I guess my advice to be more confident is just to keep producing. Even if you think its crap, just keep doing it. Don’t get discouraged and focus on the things that aren’t so great.

How can creatives turn our passions into profit?
Definitely know your worth. With me specifically, when I first started DOPEciety, I was selling shirts for something ridiculous like $15 and it costs like $10 to make a shirt! So there was no profit there. And kind of taking a stance and knowing how much time and effort it takes to make the products. I used to style friends and I wouldn’t charge them because they were my friends, but then I felt like if people were really my friends and they respect me they’ll understand that I can’t give my time for free because my time literally is money. I think that shift in thinking helped a lot. And also just knowing your resources and knowing when you need help. So kind of just letting my ego down and reaching out to people and asking for help.

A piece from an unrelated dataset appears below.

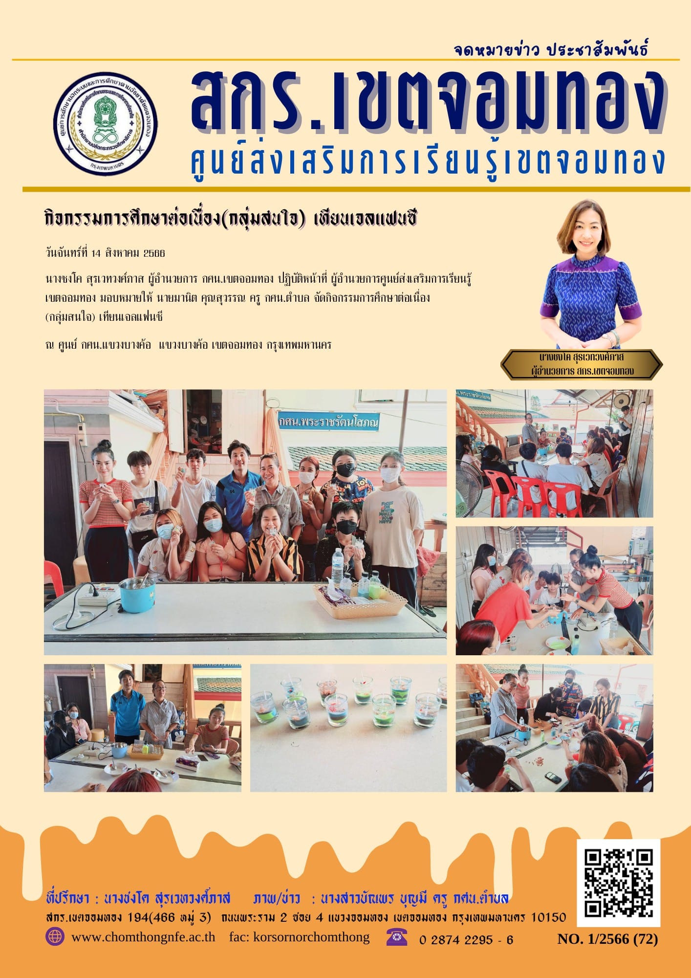 วันจันทร์ที่ 14 สิงหาคม 2566 นางชงโค สุรเวทวงศ์ภาส ผู้อำนวยการ กศน.เขตจอมทอง ปฏิบัติหน้าที่ ผู้อำนวยการศูนย์ส่งเสริมการเรียนรู้เขตจอมทอง มอบหมายให้ นายมานิต คุณสุวรรณ ครู กศน.ตำบล จัดกิจกรรมการศึกษาต่

A lot of my friends and I truly admire you and what you do. Who do you admire?
I admire my mom. She had it really rough being a single parent and raising me and haveng to deal with a moody teenager and kind of just instilling in me that I could put my mind to whatever and do it. I admire my grandmother for her grace. She is definitely somebody I look up to for her never-ending patience and compassion for people. She was a very giving person. In Liberia she was known for literally picking up children off the street and caring for them. She was a very nurturing person. I wouldn’t say that doesn’t come to me naturally because I am a caring person but I do have issues with temper and being overly sensitive to stuff but I admire her for that.
I feel like our culture in general has this obsession with celebrities and celebrity worship and people on Tumblr and Instagram and idolizing them. I feel more inspired by people in my family. I find a lot of things admirable in (everyday) people.

What has been the most rewarding part about running your own company?
It’s wonderful that I can get up and do work in my PJs if I want to. I worked at GW(George Washington University) straight out of college fundraising for 6 years. I was making really good money. I had a stable job really good benefits (and) vacation time, but I was miserable. I felt like I was on a hamster wheel: you get up, you take a shower, you get dressed, you go to work, you work, you go to t he gym for lunch, you sit at your computer for hours, you go home, you have a glass of wine, you watch some TV, you wake up and do the same thing the next day. Everyday. I think the most rewarding thing is being able to get up and make my own day and my own schedule. It feels good that I’m in control.

What is the most frustrating part?
I think for me the most frustrating thing is knowing that I can’t please everybody and knowing that I will make mistakes and it’s okay. I’m very hard on myself. And kind of just getting out my head and saying “You made a mistake, but its okay.”

Denisio’s advice for pursuing what you’re passionate about:

I don’t have regrets because my journey is my journey and I’m where I’m supposed to be now for a reason. But if I could go back, even though I had a full ride at my college, I probably would’ve gone to art school like I wanted to. I wish I was a little more brave and not so much afraid of what people would think.